- **What is being asked**
Output the full listing below exactly, without the pictures.

- **Material provided**
--- START ---
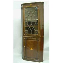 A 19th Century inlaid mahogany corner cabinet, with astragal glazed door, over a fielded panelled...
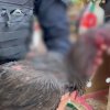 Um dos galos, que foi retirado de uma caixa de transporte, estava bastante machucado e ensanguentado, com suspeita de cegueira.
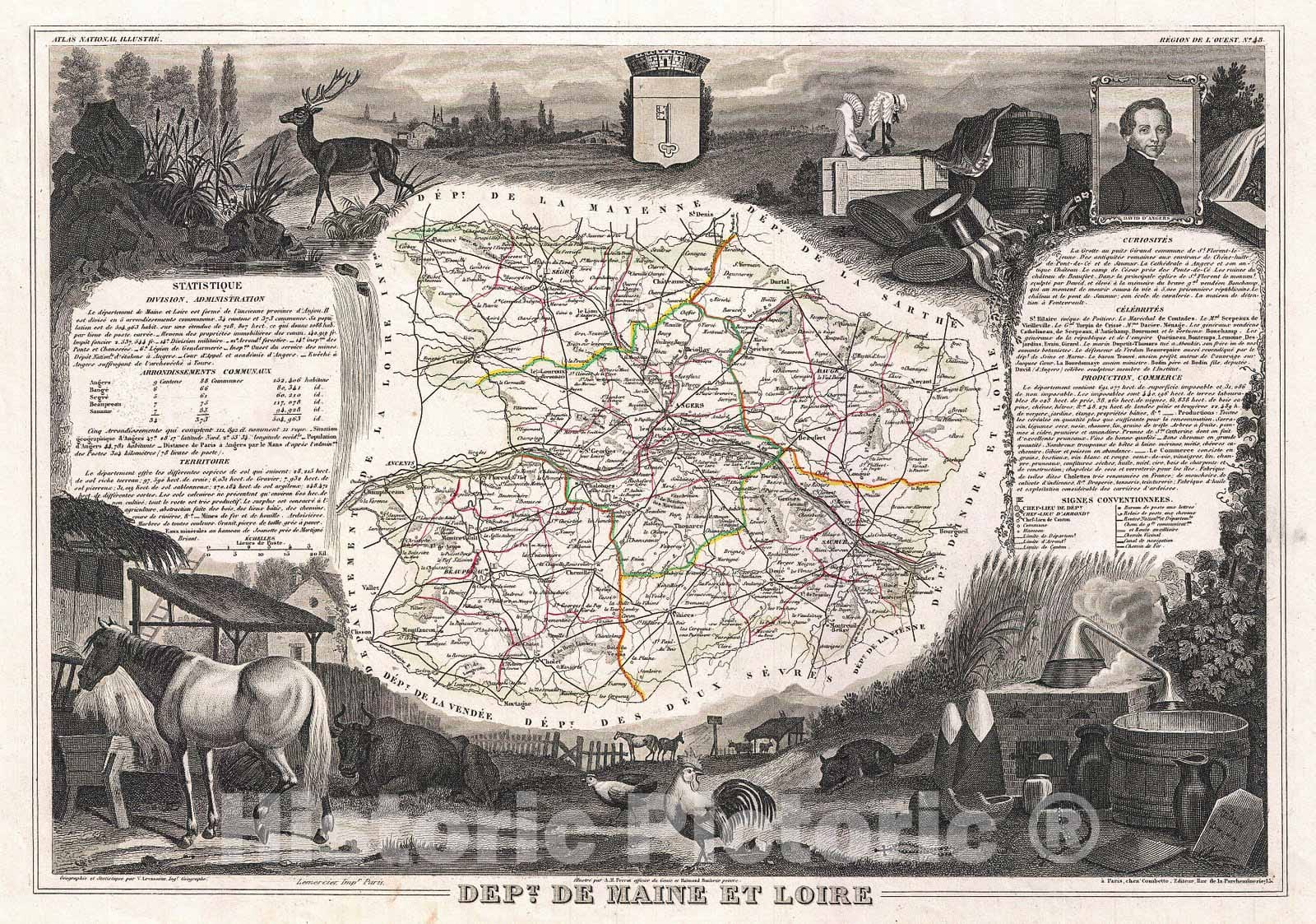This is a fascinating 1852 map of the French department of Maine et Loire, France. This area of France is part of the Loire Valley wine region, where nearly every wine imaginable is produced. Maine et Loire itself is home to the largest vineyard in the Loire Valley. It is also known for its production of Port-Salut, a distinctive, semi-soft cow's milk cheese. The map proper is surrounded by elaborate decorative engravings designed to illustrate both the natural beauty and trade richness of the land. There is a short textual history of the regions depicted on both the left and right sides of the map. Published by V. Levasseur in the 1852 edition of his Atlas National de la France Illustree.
--- END ---
- **Final answer**
 A 19th Century inlaid mahogany corner cabinet, with astragal glazed door, over a fielded panelled...
 Um dos galos, que foi retirado de uma caixa de transporte, estava bastante machucado e ensanguentado, com suspeita de cegueira.
This is a fascinating 1852 map of the French department of Maine et Loire, France. This area of France is part of the Loire Valley wine region, where nearly every wine imaginable is produced. Maine et Loire itself is home to the largest vineyard in the Loire Valley. It is also known for its production of Port-Salut, a distinctive, semi-soft cow's milk cheese. The map proper is surrounded by elaborate decorative engravings designed to illustrate both the natural beauty and trade richness of the land. There is a short textual history of the regions depicted on both the left and right sides of the map. Published by V. Levasseur in the 1852 edition of his Atlas National de la France Illustree.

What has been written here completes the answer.